Investing in Maharashtra’s international ports can be a game changer as these ports also have enviable road connectivity.
Other states also have international ports connected strategically with the Indian Railways. Port cities of Gujarat, Andhra Pradesh, Tamil Nadu, and West Bengal also offer good opportunities to invest.
The recently released National Logistics Policy is set to improve India’s trade competitiveness by addressing the cost and inefficiency issues of the logistics sector. Therefore, making an investment in logistics real estate has the potential to generate good returns.
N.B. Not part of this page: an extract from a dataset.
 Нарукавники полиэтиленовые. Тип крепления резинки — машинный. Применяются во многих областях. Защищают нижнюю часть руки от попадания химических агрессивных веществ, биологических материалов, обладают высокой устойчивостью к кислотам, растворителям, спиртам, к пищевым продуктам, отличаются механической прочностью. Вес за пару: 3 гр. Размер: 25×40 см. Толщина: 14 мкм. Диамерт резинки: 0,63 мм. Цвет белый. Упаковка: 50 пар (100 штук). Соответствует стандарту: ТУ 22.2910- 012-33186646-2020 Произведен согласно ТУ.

Real estate investments provide a good diversification investment opportunity especially when the stock market is volatile. However, generating good returns on real estate investments require thorough market research. Investment decisions based on an analysis of sectors that have good growth potential can protect your portfolio from the volatility that is generally associated by investing in the stock market. It is also wise to follow the patterns that influence buying decisions of seasoned investors.
Frequently Asked Questions
What are the advantages of having a real estate portfolio?
Investors who build a real estate portfolio enjoy tax benefits. Also, there are multiple exit strategies when you own several properties. Lastly, diversification mitigates the risk factor allowing you to take an aggressive stance in other investment forms.
How to manage a real estate portfolio?
First, you must decide on the objective of the investment and then analyse the risk-to-reward profile. Next, you must distribute your wealth among a combination of assets to reduce risk exposure. Once the planned portfolio is set into motion, you can revise the composition periodically by estimating the patterns in the market.
Why is sector breakdown important to build an investment portfolio?
Breaking down your resource allocation into different sectors diversifies your exposure to different parts of the market. Thus, whenever the specific sector performs poorly, there are chances that other sectors will be doing great due to their products’ relatively higher demand among the masses.
Therefore, diversifying your portfolio by investing is essential to combat unforeseen conditions.